Planning Panel considers Heritage Overlay for “Ngara”
Last week the Trust was represented at two day hearing by Planning Panels Victoria appointed to consider Boroondara Planning Amendment C208. While the amendment seeks to add several properties to the Heritage Overlay, the proceedings, and the Trust’s interests, have been dominated by the matter of 46 Rowland Street Kew, the birthplace of former Prime Minister Gough Whitlam. The complicated recent history of Ngara has been previously documented by Trust Advocate, and the property was refused classification on the VHR earlier this year following a hearing by the Heritage Council.
The hearing saw a battle of some of the great minds of heritage and the legal profession, with the owner of 46 Rowland Street represented by former Supreme Court Justice Stuart Morris QC, who called on eminent historian Professor Graeme Davison to provide expert evidence. The National Trust was represented by Barrister Rupert Watters, instructed by Harwood Andrews.
The case for Ngara ultimately hinges on whether or not it satisfies Criterion H: Special association with the life or works of a person, or group of persons, of importance in our history (associative significance) at a local level, as set out in Planning Practice Note 1: Applying the Heritage Overlay.

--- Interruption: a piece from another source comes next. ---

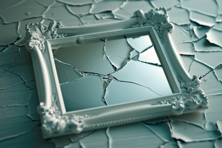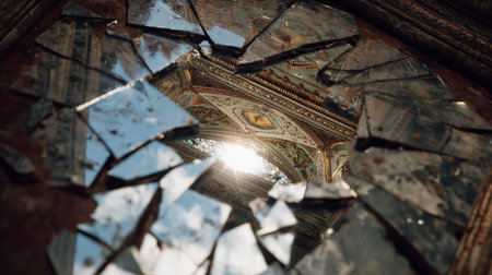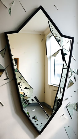 A broken mirror sits on a wall, reflecting scattered shards and the surrounding environment, A mirror reflecting shattered and distorted images, AI Generated
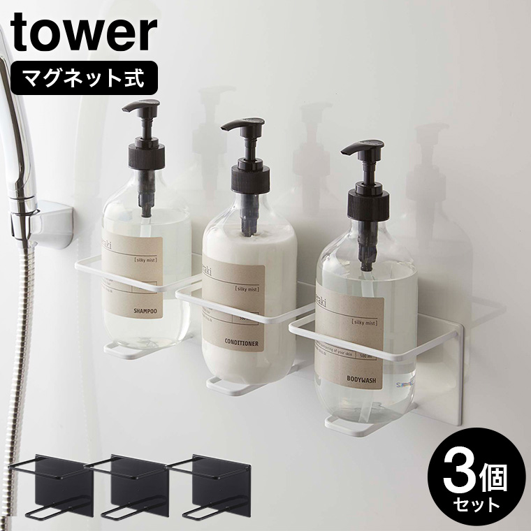 マグネットバスルームチューブ&ボトルホルダー タワー L 3個セット 山崎実業 tower ホワイト/ブラック 5508 5509 タワーシリーズ マグネット

That Gough Whitlam is a “person of importance in our history” was common ground for all parties. However there were as many opinions about what constitutes a “special association” as there were different pronunciations of “Ngara”. Professor Davison, who elaborated on his oft-cited paper “What Makes a Building Historic” argued that to be significant, a building has to tell a story, and that ultimately there is a “thinness and paucity” to the story that Ngara is able to tell about Whitlam. Lovell Chen’s Kate Gray, providing evidence for the owner, echoed this, arguing that Ngara is a footnote in Whitlam’s life in terms of his formative experiences and contribution to political and public life. In contrast, the City of Boroondara, supported by the National Trust, submits that Ngara provides important evidence about Whitlam’s middle-class origins, having been built especially for his newly-married parents by his grandfather Edward Maddocks.
One of the complicating factors explored throughout the hearing was the lack of clear guidelines about thresholds for local significance. No doubt the panel’s findings will set an important new precedent for the application of the heritage overlay, and in particular, associative significance.